大阪中央卸売市場に拠点を置く、1910年創業の鮮魚卸業「播芳」が直営する食堂。いわく「日本人が『魚離れ』しているといわれて久しい。日本には世界でも類稀な豊富な魚種を誇り、豊かな食文化を育んできました。日本で捕れた魚の魅力を知り、最も身近に感じてもらえる場所を提供したい」と、市場からも近く、電車移動からのアクセスもいい西九条駅の高架下に同店をオープンした。
「世代を問わず入りやすくしたくて、ファミリーレストランをイメージしました」という店内は、明るく飾らない雰囲気。

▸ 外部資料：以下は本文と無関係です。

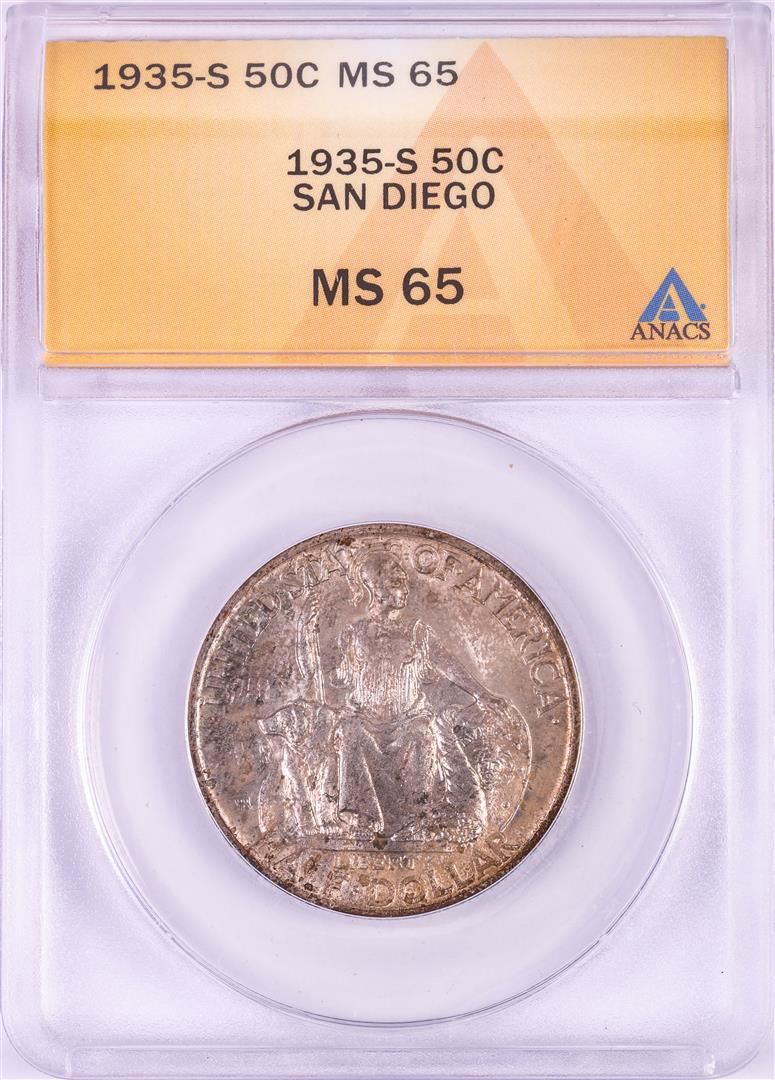 1935-S San Diego Commemorative Half Dollar Coin ANACS MS65

ランチタイムは旬の鮮魚10種以上を豪快に盛りつけた「市場丼(松)」(1,350円、税込み)がメインで、ディナータイムは刺し身や寿司、魚介の一品料理など居酒屋としても楽しめる。
「自分たちは料理人ではないけれど、魚という素材を扱うプロとして目利きは誰にも負けない自負があります。産地やブランド名にこだわるのではなく、あくまで『今日、全国で揚がったおいしいものを』ということを大切に、日替わりでおすすめの鮮魚をピックアップしています」と、五代目社長は話す。
旬のおいしい魚にこだわるため、固定メニューはない。オーナー自らが市場の仕入れを見て、毎日メニュー表を書き換え、海鮮丼に使われるネタもその時々で変化する。時には有名料亭に卸される高級魚や、レアな魚が登場することもあるが、卸だからこそのリーズナブルな価格帯で味わえるのがうれしい。